Он нажал ручку двери. Колокольчик зазвенел. Мать подняла глаза и в испуге уронила руки.

Он подошел к ней и дрожащим голосом проговорил:

— Мама, Лабуде застрелился. — Слезы вдруг хлынули у него из глаз. Он толкнул дверь в заднюю комнату, тотчас же прикрыл ее, сел в кресло у окна, бросил взгляд на двор, медленно склонил голову на подоконник и разрыдался.

Глава двадцать вторая

Посещение школьных казарм

Кегли в парке

Прошлое сворачивает за угол

Что с ним такое? — спросил отец на следующее утро.

— Он потерял работу, — объяснила мать, — у него друг покончил с собой.

— Я даже не знал, что у него был друг, — сказал отец, — мне ни о чем не рассказывают.

— Просто ты не слушаешь, — отвечала мать.

В лавке прозвенел колокольчик.

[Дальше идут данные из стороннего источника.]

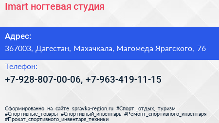 Imart, ногтевая студия по адресу 367003, Дагестан, Махачкала, Магомеда Ярагского, 76 в дальнейшем Организация, размещена в следующих категориях:
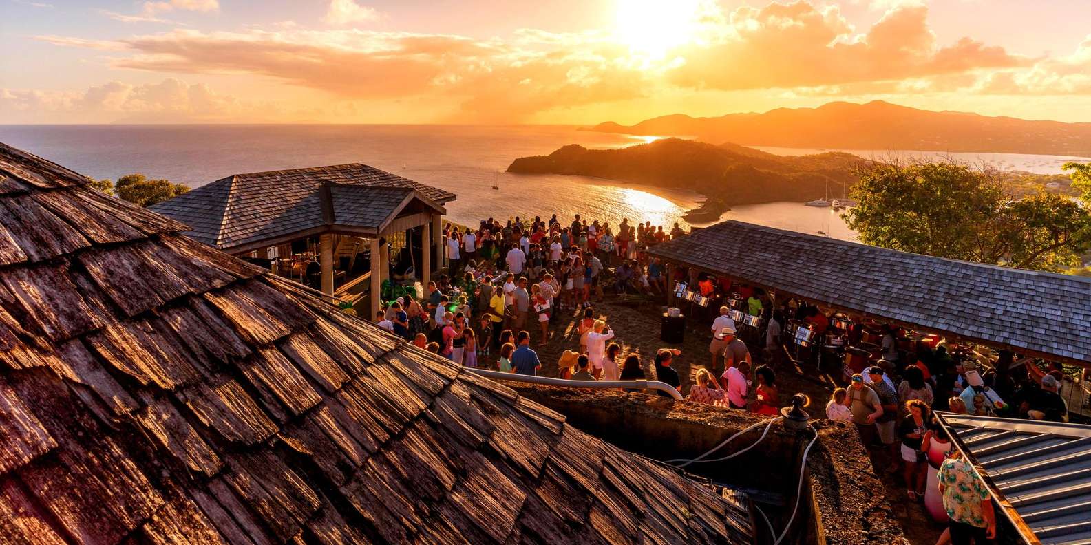 Shirley Heights is a restored military lookout and gun battery. The Lookout is a high point (about 490 ft.) that affords a superb view of English and Falmouth Harbours, the best view in Antigua. In this fantastic place, every Thursday and Sunday at sundown, you will have the opportunity to attend 2 typical Caribbean concerts: the first of calypso music and the second of mixed songs interpreted in a reggae key. At the Shirley Heights bar, you can taste the best cocktails in all of Antigua, including the Rum Punch. The photo you can take at sunset will be an indelible memory of your holiday and this day.
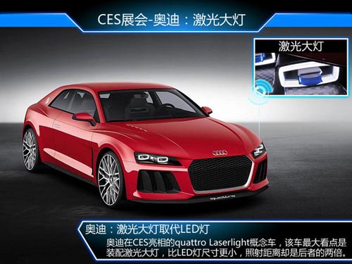 在本屆CES展會(huì)上,奧迪發(fā)布了一款全新的概念車名為quattro Laserlight。這款新車最大的亮點(diǎn)莫過(guò)于采用了全新的激光大燈技術(shù),由內(nèi)、外兩組梯形燈組元素組成的,外側(cè)是由矩陣式LED燈源構(gòu)成的近光燈,內(nèi)側(cè)是由激光技術(shù)打造的遠(yuǎn)光燈。采用激光技術(shù)的遠(yuǎn)光燈其亮度是普通LED燈源的3倍,照明距離可達(dá)500米。
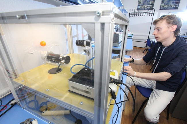 «Задача не тривиальная, для ее решения необходимы знания минимум магистерского уровня. Здесь применяется алгоритм адаптивного управления: робот отслеживает траекторию шарика и мгновенно реагирует, совершая необходимое действие.Обучившись этому на лабораторном комплексе, такие же команды специалист сможет применять в любых других системах», — рассказывает лаборант кафедры интегрированных компьютерных систем управления Александр Зарницын.
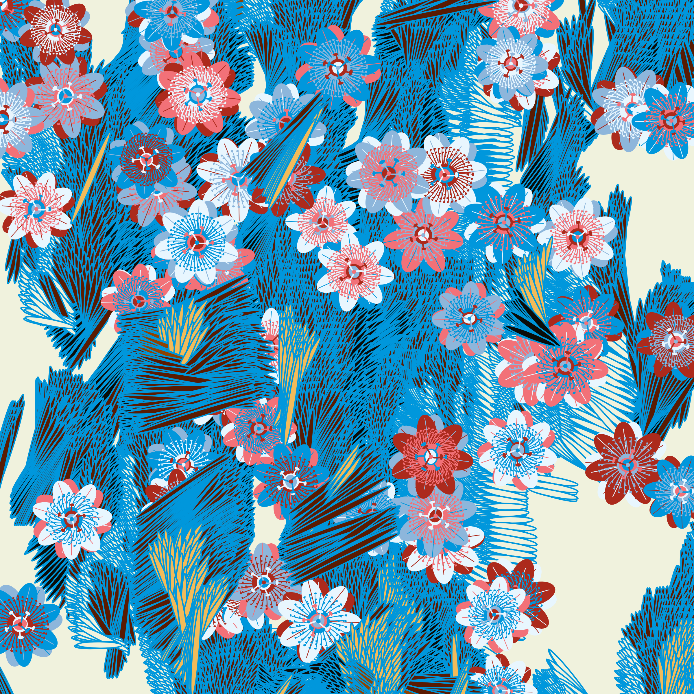 “Fragments of an infinite field” is a compositional system in which an idealized plant species is generated and arranged in a potentially infinite field of foliage. The main environmental parameter of the composition is the determination of a season of the year. The season determines the landscape’s colors and defines specific phenomena for each of them, such as rain in summer, snow in winter, petals falling in autumn, and pollen in spring. The flower has several possible variables, which can be macro aspects, affecting the entire population of the species, or micro, affecting each individual of the species differently. For example, the number of petals can be equal in all individuals or not. The number of filaments and other structures of the flower can undergo minor deviations, generating small mutations. The confusion between the figure (plant) and the background (earth, sky, other natural elements) is fascinating from a compositional point of view. The background colors are, most of the time, colors present in the figures, often breaking the boundary between them and, therefore, generating chromatic masses. In this project I also intend to research the following question: How to create parameters that resemble a living organism's growth? In this sense, the project approaches digital morphogenesis and the development of procedural organisms.

Когда фрау Фабиан вернулась в комнату, ее муж читал газету.

— Кроме того, ему не повезло с одной девушкой, — продолжала мать, — но об этом он говорит неохотно. Она училась на адвоката, а теперь снимается в кино.

— Жалко денег за обучение, — заметил муж.

— Красивая девица, — сказала мать Фабиана, — но она живет теперь с каким-то толстяком, с продюсером, тьфу, мерзость.

— И долго он собирается здесь пробыть? — спросил отец.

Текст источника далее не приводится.